Андрей тут же и исчезал в листве, как растворялся в зеленой мгле, а Катя, такая же красная, как и сатиновое летнее платьице на ней, с глазами, полными слез, брала тяпку или пульверизатор, из которого опрыскивали виноград бордосской смесью, и возвращалась на свое место. И только Феня Лепилина осмеливалась во всеуслышание критиковать эти суровые действия Дарьи.
— Если за это штрафовать, — ворчливо говорила она, — то тогда, по справедливости, нужно начинать с бригадира.
— Ты что сказала? — громко и грозно переспрашивала Дарья.
— Что ты слышала, то и сказала! — дерзко отвечала Феня.
— Вот когда народишь себе детей, можешь позволять им хоть с двух лет по кустам целоваться, — говорила Дарья.
— И нарожу! — вспыхнув, как кумач, обещала Феня.
— И слава богу! Только не забудь позвать меня в крестные.
— И нарожу!.. — повторяла Феня.
И, закрывая, как от солнца, глаза ладонью, обычно тут же уходила в кусты. Дарья шла за ней следом, и слышно было, как она уговаривала Феню:
— Ну, чего ревешь, дура? А то, думаешь, не нарожаешь, ты же еще молодая. Да не реви ты! Ну, прямо всю душу вытягиваешь. Если я тебя обидела, ты прости, но мне иначе с ними нельзя — без отца выросли. Ну не плачь, Фенечка, найдется и по тебе человек, потерпи еще немного.

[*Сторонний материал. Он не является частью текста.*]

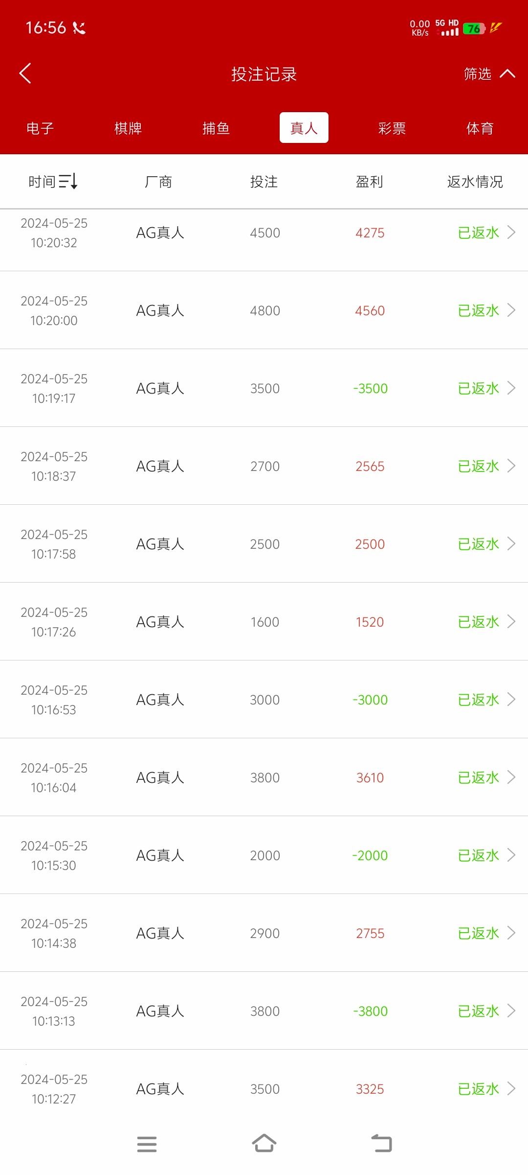 输1.2w 明天充值提现活动能领6k 玩了一个通宵到下午 反反复复充充提提 一个月不到打了136万流水 基本是AG 红了3个多 吐回去1.2个

И они громко целовались в кустах. Остальные женщины, слыша их разговор, и сами начинали сморкаться. К тому времени, когда Дарья и Феня, примиренные, с наплаканными, как росой умытыми, лицами, выходили из кустов, сморкалась уже вся бригада. Дарья взглядывала на Катю Иванкову и говорила:
— Ты, Катя, лучше приходи к нам вечером домой. Хоть каждый вечер приходи. Да ты меня не бойся, это здесь я над вами бригадир. Чем по-за кустами прятаться, приходи и сиди у нас, сколько хочешь. И я буду спокойная. Я, Катя, не против тебя, да ведь он у меня первенец.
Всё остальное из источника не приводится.